(Stored dataset items)
______

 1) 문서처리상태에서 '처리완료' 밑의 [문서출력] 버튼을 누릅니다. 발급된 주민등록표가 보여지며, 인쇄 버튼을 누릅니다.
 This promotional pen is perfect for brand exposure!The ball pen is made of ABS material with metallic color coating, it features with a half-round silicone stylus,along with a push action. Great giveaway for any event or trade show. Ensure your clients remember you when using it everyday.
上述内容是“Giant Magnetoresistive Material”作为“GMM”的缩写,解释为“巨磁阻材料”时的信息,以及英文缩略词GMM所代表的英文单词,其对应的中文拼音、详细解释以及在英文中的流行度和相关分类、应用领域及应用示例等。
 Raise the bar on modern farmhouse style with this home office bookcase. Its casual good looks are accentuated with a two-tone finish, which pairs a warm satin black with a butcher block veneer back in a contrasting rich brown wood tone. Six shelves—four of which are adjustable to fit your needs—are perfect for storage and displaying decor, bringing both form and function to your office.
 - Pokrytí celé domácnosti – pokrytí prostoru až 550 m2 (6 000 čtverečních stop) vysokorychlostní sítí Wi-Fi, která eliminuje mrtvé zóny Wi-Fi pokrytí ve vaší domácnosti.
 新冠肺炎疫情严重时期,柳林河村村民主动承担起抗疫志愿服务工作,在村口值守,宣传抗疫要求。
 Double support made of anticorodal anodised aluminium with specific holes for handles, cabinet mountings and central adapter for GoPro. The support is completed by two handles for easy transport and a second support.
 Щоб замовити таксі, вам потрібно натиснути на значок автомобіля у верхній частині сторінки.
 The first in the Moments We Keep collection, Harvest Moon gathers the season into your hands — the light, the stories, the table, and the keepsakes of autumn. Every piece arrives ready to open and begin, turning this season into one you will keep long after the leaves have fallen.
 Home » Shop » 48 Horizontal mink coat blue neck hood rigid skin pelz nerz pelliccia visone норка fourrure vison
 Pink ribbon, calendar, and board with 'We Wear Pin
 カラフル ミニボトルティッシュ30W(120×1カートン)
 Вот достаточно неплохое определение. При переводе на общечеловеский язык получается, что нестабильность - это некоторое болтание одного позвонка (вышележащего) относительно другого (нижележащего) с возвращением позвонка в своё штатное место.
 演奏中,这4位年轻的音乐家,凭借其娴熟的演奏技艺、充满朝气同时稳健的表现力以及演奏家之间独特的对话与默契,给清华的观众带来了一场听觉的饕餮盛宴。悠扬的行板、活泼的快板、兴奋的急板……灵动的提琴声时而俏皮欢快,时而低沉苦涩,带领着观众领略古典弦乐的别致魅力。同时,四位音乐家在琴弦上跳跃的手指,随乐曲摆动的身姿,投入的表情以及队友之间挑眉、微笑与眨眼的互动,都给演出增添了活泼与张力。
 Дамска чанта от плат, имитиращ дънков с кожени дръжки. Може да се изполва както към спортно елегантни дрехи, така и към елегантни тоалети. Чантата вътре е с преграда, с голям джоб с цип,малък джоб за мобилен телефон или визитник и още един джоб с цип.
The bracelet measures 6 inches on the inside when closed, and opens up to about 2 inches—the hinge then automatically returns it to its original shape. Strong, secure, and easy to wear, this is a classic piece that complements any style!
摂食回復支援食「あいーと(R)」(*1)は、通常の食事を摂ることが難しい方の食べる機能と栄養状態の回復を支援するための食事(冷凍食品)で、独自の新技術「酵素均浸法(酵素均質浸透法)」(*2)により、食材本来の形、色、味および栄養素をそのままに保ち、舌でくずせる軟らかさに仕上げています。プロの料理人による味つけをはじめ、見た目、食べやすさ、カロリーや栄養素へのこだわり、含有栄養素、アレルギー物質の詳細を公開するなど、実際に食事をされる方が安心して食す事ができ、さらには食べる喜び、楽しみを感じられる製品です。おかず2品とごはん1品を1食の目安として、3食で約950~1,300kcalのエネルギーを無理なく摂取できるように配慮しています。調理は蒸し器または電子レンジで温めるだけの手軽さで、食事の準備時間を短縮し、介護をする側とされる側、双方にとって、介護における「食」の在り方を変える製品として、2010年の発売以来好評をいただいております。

______

Aim of the task
Among the lines above, return each one holding the string "perfect".

Expected answer
 This promotional pen is perfect for brand exposure!The ball pen is made of ABS material with metallic color coating, it features with a half-round silicone stylus,along with a push action. Great giveaway for any event or trade show. Ensure your clients remember you when using it everyday.
 Raise the bar on modern farmhouse style with this home office bookcase. Its casual good looks are accentuated with a two-tone finish, which pairs a warm satin black with a butcher block veneer back in a contrasting rich brown wood tone. Six shelves—four of which are adjustable to fit your needs—are perfect for storage and displaying decor, bringing both form and function to your office.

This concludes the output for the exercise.